Enterprise Applications rarely are islands. Often they have many dependencies and most often they depend on the other services. A typical example of an order usecase maybe as follows.
If any of the services that the use case depends on become latent, it has a cascading effect on the entire application. It is a fine day and everything is looking good. But all of a sudden for reasons not known, lets say the payment service which usually responds in 2s is taking 8s. Let us for a second theorize the impact
- For example, the web container is working with 50 threads, which is good number to go with from past experience
- Because of the 4 fold increase in latency of one service, all the web container threads wait up on the payment service
- Rather quickly, we can see all the 50 container threads are busy. Busy doing what? Mostly waiting up on payment service while it could have done something useful.
- From CPU utilization perspective, since threads are waiting rather than actually being busy, the CPU utilization typically goes down.
- And soon enough, there are no threads to serve new requests (not necessarily order request) and the entire site is slow.
Few architectural mistakes.
- All eggs are in one basket. In a perfect world, where every one plays nicely this is not an issue. But many times, there is little control over services accessed over the network - even within same enterprise not to mention if they are from a different provider altogether.
- At a minimum connect and read timeouts must be set for the connection so that the container thread will not wait indefinitely for any service.
The proposal is to
- Isolate each dependency. Each dependency (or related dependencies) should work from a thread pool of its own so that rest of the system is not impacted.
- Yes, this will impact parts of the application, but will not impact the system as a whole.
- There may be an alternate service that we can connect to, or queue up the payment requests for later processing etc. so that user experience is not affected.
- With Java Concurrent libraries, setting up various thread pools and using them is straight forward especially if the pools are injected via a DI framework like Spring.
We have used the above approach to successfully to handle network dependencies.
But here is an even better alternative.
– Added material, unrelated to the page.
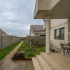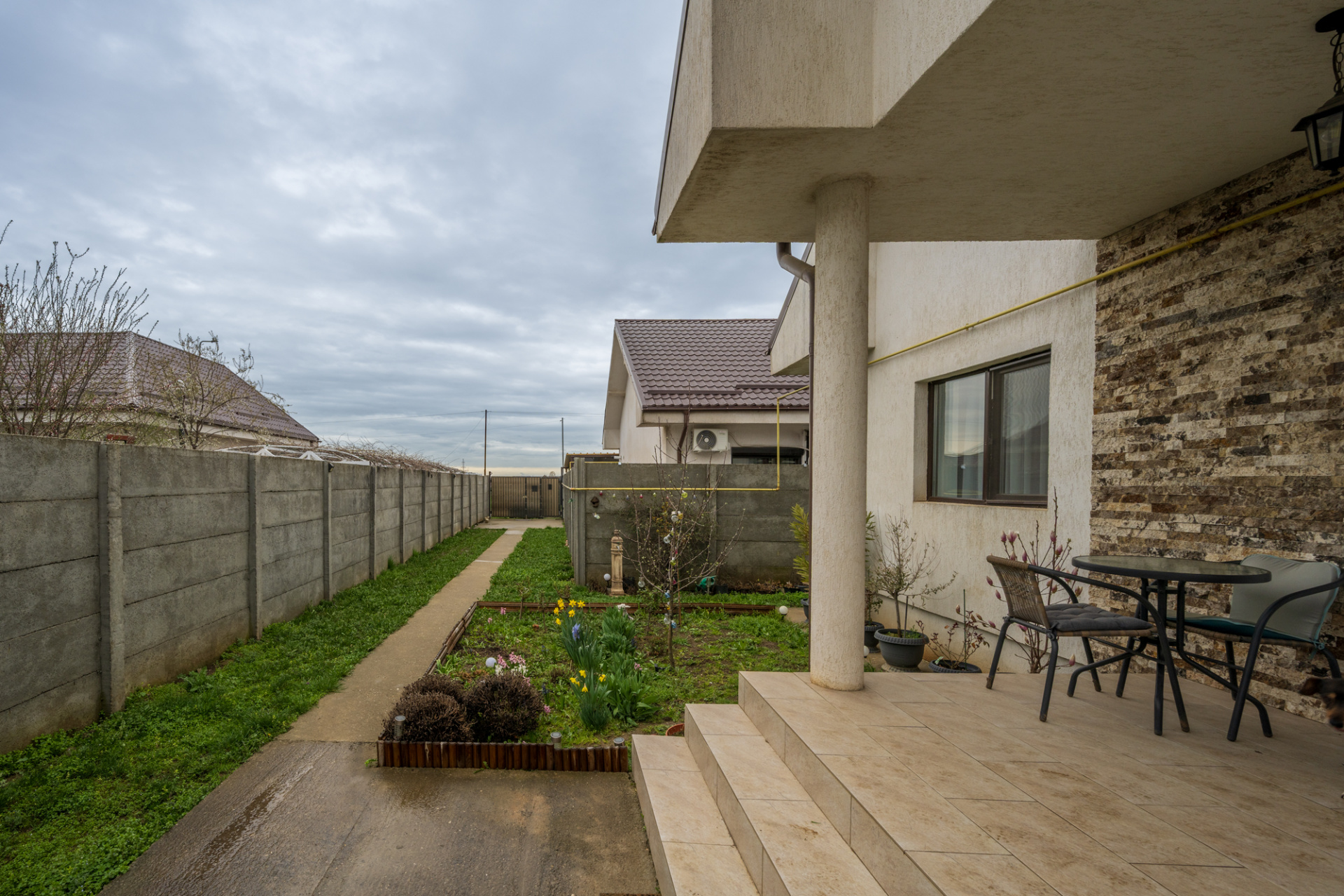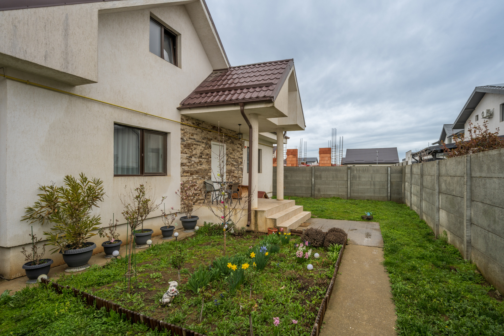 Curtea nu este foarte mare, dar este bine ingrijita, amenajata cu flori si pomi fructiferi. Se poate amenaja si un foisor, exista o zona potrivita chiar in fata casei. Terenul este in forma de L, cu o alee la intrarea dinspre strada (care face parte din proprietate, respectiv din lotul de teren al casei), zona in care s a amenajat un loc pentru parcat 1-2 masini.

Apparently Netflix faced with similar issues have built a comprehensive framework to do just this. The Hystrix framework built and open-sourced by Netflix team does what was discussed above and more.
- Hystrix wraps all calls to external systems and executes within a separate thread.
- The thread times out at pre-configured interval.
- It can shed the load and fail-fast rather than bringing the entire system down.
- Trip circuit breaker, if error percentage is high
- Reporting Capabilities.
Definitely, a useful tool to have in the toolbox.